From Counting to Pattern Matching

In order to understand the current condition, it makes sense to look back onto what ideas and concepts shaped conversational LLMs and how it came to be the product that we know today. The whole drama surrounding machines being attributed with thinking abilities, because of their ability to engage in conversation, probably started with Joseph Weizenbaum's chatbot ELIZA in 1967. ELIZA emulated a Rogerian psychotherapist through concepts of rule-based symbolic keyword matching that rephrased user input into questions that engaged a user into continuing the conversation. ^[1] Weizenbaum's goal was to demonstrate that simple pattern-matching algorithms could create the illusion of understanding. ^[2] However, the societal narratives surrounding his experiment evolved in the opposite direction, with users feeling emotionally attached to the machine or believing that it genuinely understood them. ^[3] From that point onwards, Weizenbaum spent the rest of his life trying to clear up this deception, becoming one of the earliest critiques of the field of Artificial Intelligence. ^[4]

ELIZA (1967), Weizenbaum's early chatbot simulating a psychotherapist.↪

While this may be the first instance in which a machine was attributed intelligence because it operated within the domain of language, the technological concept from which contemporary LLMs originated predates this example. Current LLMs have much simpler predecessors: the n-gram language models, which date back to 1948. These were developed by Claude Shannon, building on an earlier idea from Andrey Markov. In the early 20th century, Markov aimed to show that Alexander Pushkin's Russian novel Eugene Onegin was not made up of randomly distributed letters, but instead had statistical patterns that could be modeled. ^[5]

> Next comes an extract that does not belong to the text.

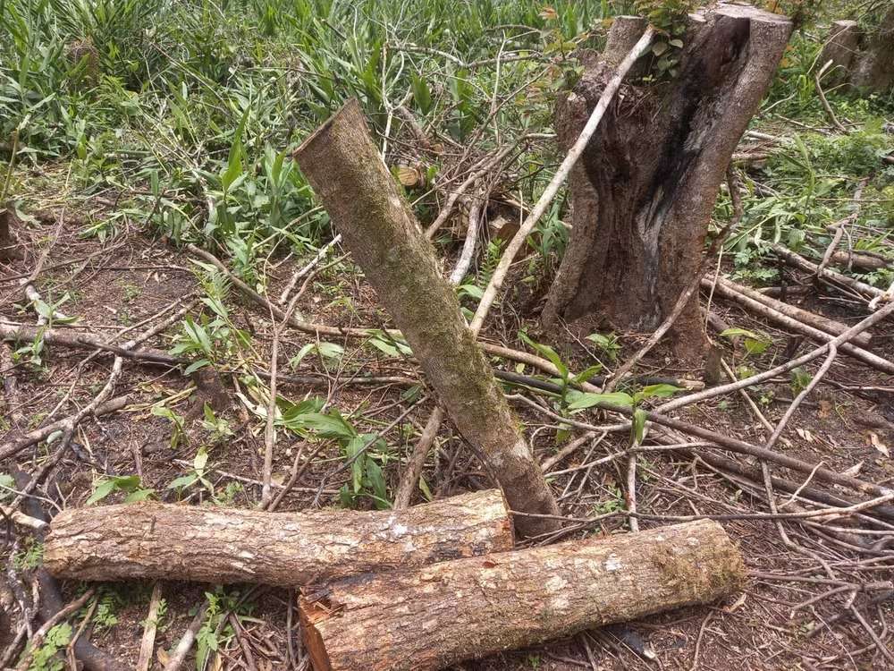 Em outra área, de cerca de 4,65 hectares, foi verificado o corte de espécies nativas como bracatinga, canela e cedro-rosa, restando apenas tocos e troncos no local, para o plantio de eucalipto;

Markov's original 1913 data table showing vowel counts in consecutive 100-letter segments of Pushkin's Eugene Onegin.↪

Shannon extended Markov's statistical approach by demonstrating that increasingly complex n-gram models could actually generate progressively more realistic English text, establishing the foundation for all modern language modeling. In Section 3 of his 1948 paper, "The Series of Approximations to English," Shannon systematically showed how each level of statistical complexity, produced "quite noticeably" more English-like text. ^[6]

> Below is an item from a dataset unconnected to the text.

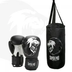 Il Kit bambino Super Pro da allenamento è un set pensato per far avvicinare il tuo bambino allo sport. Ideale per bambini dai 4 agli 8 anni, questo set è composto da sacco da boxe Super Pro e guantoni Super Pro. Rivestito in materiale resistente e riempito con un mix di cotone, il sacco misura 43 cm di altezza per un diametro di 19 cm ed è perfetto per assorbire in maniera ottimale i colpi sia di pugni che di calci. I guantoni sono realizzati in PU, hanno un peso di 6 oz e offrono protezione efficace a mani e nocche.
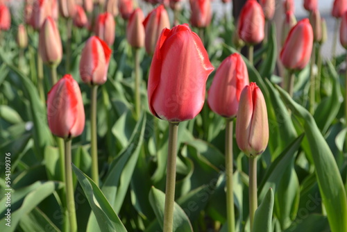 Fototapeta premium red tulips The tulips in spring very colorful flowers.

"A sufficiently complex stochastic process will give a satisfactory representation of a discrete source." ^[7]

This approach became known as the n-gram model, where "n" represents the number of consecutive linguistic units (letters or words). Shannon's examples included unigrams (single letters), bigrams (two-letter sequences), and trigrams (three-letter sequences). To put it simply, an n-gram model predicts the next word based on the previous n-1 words, a bigram model uses one preceding word, a trigram uses two, and so forth. Consequently, as n increases, the model requires a much larger amount of data, since many word combinations may never occur, which makes it difficult to estimate probabilities. Despite their limited capabilities, these models still had some use in text prediction and autocomplete technologies such as the T9 keyboard interface of early phones or simple spell-check algorithms. ^[8]

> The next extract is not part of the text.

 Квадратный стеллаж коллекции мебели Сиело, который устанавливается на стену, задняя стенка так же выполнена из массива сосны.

Interestingly, due to their capability to exploit the statistical patterns and redundancy inherent in data, the approach also does a good job in the compression of data. The 1984 paper 'Data Compression Using Adaptive Coding and Partial String Matching' laid the foundation for many modern compression algorithms by harnessing the n-gram model approach to achieve lossless compression without requiring prior knowledge of the data. ^[9] N-gram models can be seen primarily as prediction tools, but their strength in capturing sequence patterns and estimating the likelihood of future elements also makes them valuable components in compression techniques still widely used today.

N =

Over the time, these n-gram models have been improved to the way more capable large language models we use today. The shift represented a fundamental change from explicit counting to learned patterns through neural networks. By using the concept of embedding in a mathematical space, similar meaning words are clustered together, in order to solve the data sparsity problem that n-gram models couldn't overcome. This allows the model to generalize across similar contexts. ^[10]

The breakthrough transformer architecture introduced in 2017 further revolutionized this approach through the attention mechanism, which allows the model to simultaneously consider all words in a sequence and identify which parts are most relevant to each other. ^[11]

Another crucial step is Reinforcement Learning from Human Feedback (RLHF), in which human raters evaluate the model's outputs and teach it to generate responses that are most likely to be considered likeable by a human rater. ^[12] ^[13] This process refines the raw language model, introducing it its conversational quality.

While many of these improvements involved technical changes to the models' architecture or functioning, the major breakthrough can be attributed to the drastic increase in material conditions of computability over the last decade. ^[14]

Blurry Compressions

After all these changes in architecture and application, due to the turn towards neural network-based models, the former explicit feature of compression became internalized into the very function of LLMs. By the process of training on massive amounts of data, the model's implicit logic is to compress. The 1984 paper's insight, that statistical language modeling enables compression, evolved into a technology that can be described as pre-trained universal pattern compressors. This can be highlighted by an example: While the actual content of the llama 3 model released in 2024 by meta remains undisclosed, their model card states, that it was pretrained on over 15 trillion tokens. ^[15] If we expect one token to be the average of 4 byte (thus 4 characters) this accounts for about 60 TB of raw training data. These 60 TB of raw data are compressed into a representation of eight billion weights in a neutral network model that can run on most computers today. Eight billion weights make up 32 GB of data, which can then be scaled down further to a 4.7 GB model file using an optimization process called 4-bit quantization. What we end up with is a lossy compression factor of ~1,875:1 before quantization.

"Peppers" Test Image from Volume 3: Miscellaneous↪

To put this into perspective, achieving a similar level of compression on raw visual data would be disastrous. A 512 × 512 pixel image contains 262,144 pixels (or 768 KB file size in 24-bit color depth). Reducing this image by a factor of 1,875 would result in an image of just 12 × 12 pixels, containing only 144 pixels (432 byte file size) in total. Such extreme compression would render images completely unrecognizable, as the demonstration clearly shows. While this comparison is somewhat faulty — text compression works fundamentally different than pixelating an image — it still illustrates the remarkable concept of compression at work. This contrast demonstrates why generative pre-trained transformer models are such a remarkable achievement: while traditional compression at these ratios destroys information, neural networks somehow preserve the essential statistical structures that enable coherent generation.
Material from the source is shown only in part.